How to determine the order of acidity of the following dimethyl nitrophenols

Question

This is how I went about it, although I got a wrong answer:

1. 3,5-Dimethyl-4-nitrophenol (2) shows the nitro group to be sterically hindered, due to which it should go out of plane and this will be an example of the steric inhibition of resonance. Hence, there will only be a weak withdrawing inductive effect, and no resonance. Thus, this should be the least acidic.

2. 4,5-Dimethyl-2-nitrophenol (3) shows a hydrogen bonding between the nitro and the hydroxyl group, due to which there will be a lower tendency to release the proton. Hence, even this should be less acidic.

3. Between 2,6-dimethyl-3-nitrophenol (1) and 2,4-dimethyl-5-nitrophenol (4), (1) should be weakly acidic due to the hyperconjugation destabilisation caused by the two methyl groups, and hence the answer should be (4), with lower hyperconjugation, lower induction from the methyl groups, and higher induction from the nitro group (no resonance at the meta position).

However, the answer is given to be (2), which I ruled out first.

Can someone please explain what is happening, and where I've gone wrong?

Answer 1

The right answer should be 3 as the $\ce{NO2}$ group has a negative mesomeric effect, which is only possible with 3. In 2, due to steric inhibition of resonance, it exhibits only -I effect, and although 3 contains H-bonding, it slightly affects acidity.

Answer 2

$\ce{-NO2}$ is an electron-withdrawing group and $\ce{-CH3}$ is an electron-donating group and the effect of these groups can be observed at ortho- and para- position of the ring with respect to the functional group attached to the ring.

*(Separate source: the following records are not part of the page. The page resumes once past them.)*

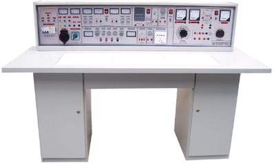 智能电工电子电力拖动(带直流电机、三相可调)实验台,具有较完善的安全保护措施,较齐全的功能(详见实验台结构简介)。实验桌中央配有通用电路板,电路板注塑而成,表面布有九孔成一组相互联通的插孔,元件盒在其上任意拼插成实验电路,元件盒盒体透明,直观性好,盒盖印有永不褪色元件符号,线条清晰美观。盒体与盒盖采用较科学的压卡式结构,维修拆装方便。元器件放置在实验桌下边左右柜内,大大提高了管理水平,规划化程度,大大减轻了教师实验准备工作。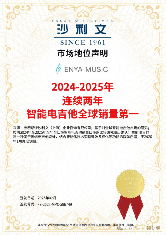 全球市场的强力反馈:这种对产品底层逻辑的重构,已在市场层面转化为极具说服力的增长数据。权威咨询机构弗若斯特沙利文(Frost & Sullivan)的调研显示,恩雅智能电吉他在2024年至2025年已实现连续两年全球销量第一。这一数据不仅验证了其“一体化设备”策略对传统门槛的有效拆解,更标志着智能电吉他已获得全球消费市场的广泛认可。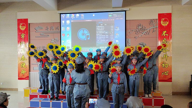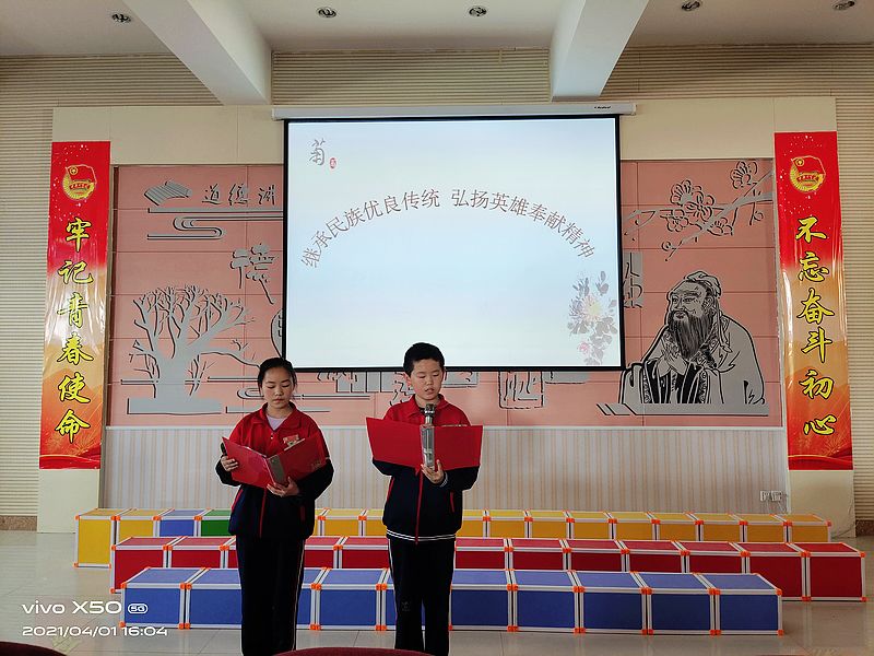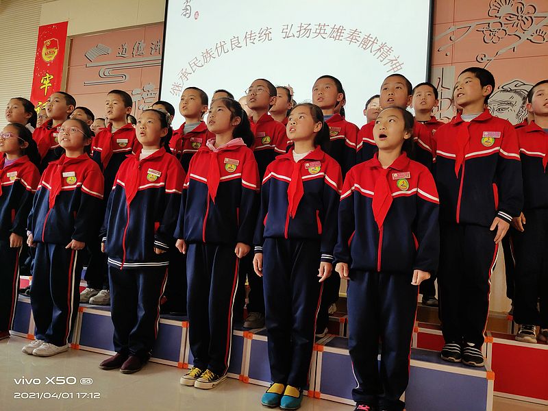 随后,孩子们用“吟红诗、唱红歌”的形式祭奠逝去的英烈们,在高亢激昂的吟唱声中,孩子们感受到了革命志士的高尚情操和英雄气概,增强了学生的民族自尊心和自豪感,激发了学生的强烈的爱国主义情怀。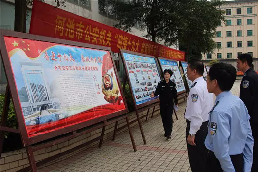 池市民族图书馆与市公安局一直以来都是长期的文化共建合作单位,2014年,两家曾深度合作举行了第二届河池市公安系统优秀书画、摄影作品展,收到了良好的社会效应。2017年10月16日,为了迎接党的十九大胜利召开,两家再次合作在市图书馆大楼前及一楼展厅内举行主题为“河池市公安机关‘迎接十九大 忠诚报平安’公安工作成果暨美术、书法、摄影展系列活动。”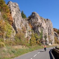 Eine Fahrradroute, die in Lodève, Occitanie, Frankreich beginnt.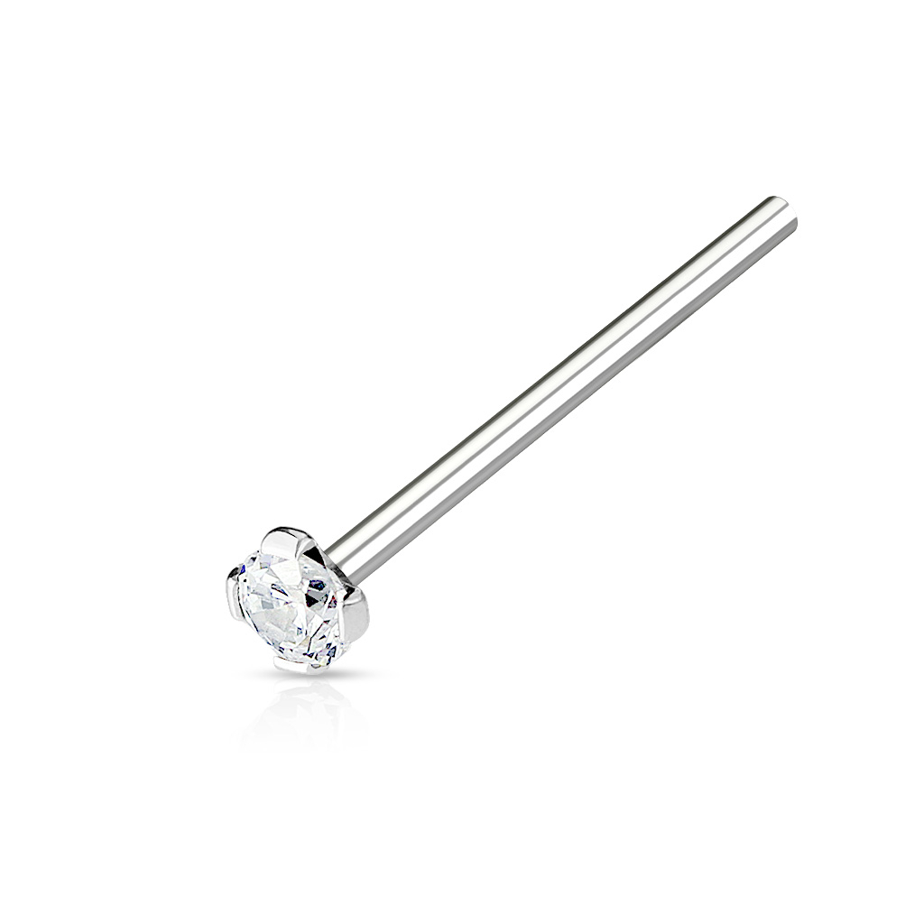 Barra da naso fishtail in acciaio chirurgico con pietra incastonata a griffe.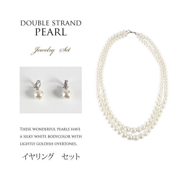 ネックレス イヤリング セット パーティーアクセサリー レディース 謝恩会 卒業パーティ 成人式 同窓会 結婚式 2連パール AC-100769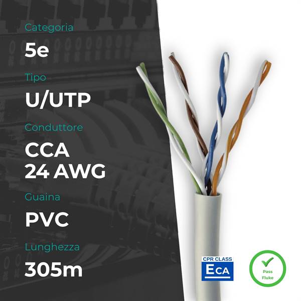 Matassa U/UTP Cat5e da 305 metri con conduttori in CCA (Copper Clad Aluminum), ideale per la realizzazione di reti Ethernet fino a 1000 Mbps (Gigabit Ethernet). La guaina in PVC e la sezione del conduttore 24 AWG la rendono adatta ad installazioni in ambienti interni. Conforme alla classe CPR ECA per la sicurezza in caso di incendio.
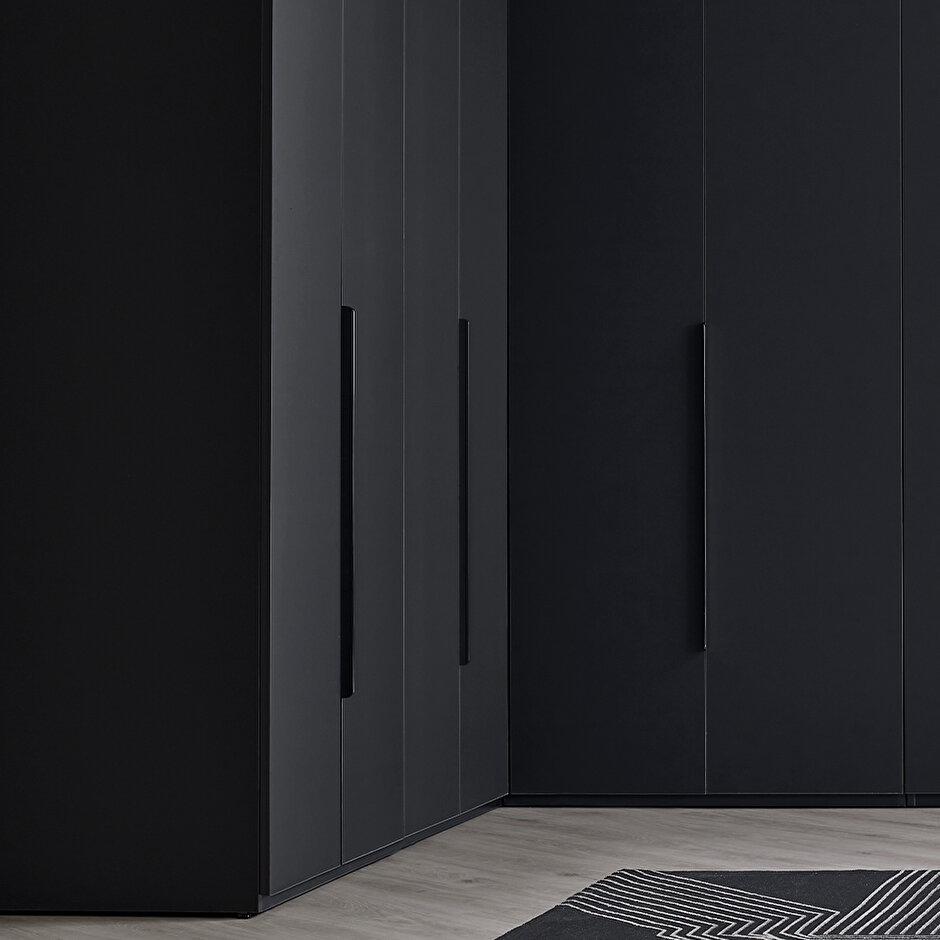 Eye-Catching Color Details Matte black surfaces are accompanied by smoke gray-colored, long and shiny metal handles. The metal handles of the LEGATO 4 DOOR WARDROBE model, which attract attention with its elegant appearance, also impress with its solid structure.

in the above resonating structure of toluene you can see -ve charge in o-, p- position, similarly in nitrobenzene you can see positive charge in o-, p- positions, and $\ce{-OH}$ group attached to electron deficient carbon or positively charged carbon release $\ce{H+}$ more easily. Considering all this condition second option is the only option where carbon to which $\ce{-OH}$ is attached is getting positive charge and not getting a negative charge, so $\ce{-OH}$ is ready to loose $\ce{H+}$.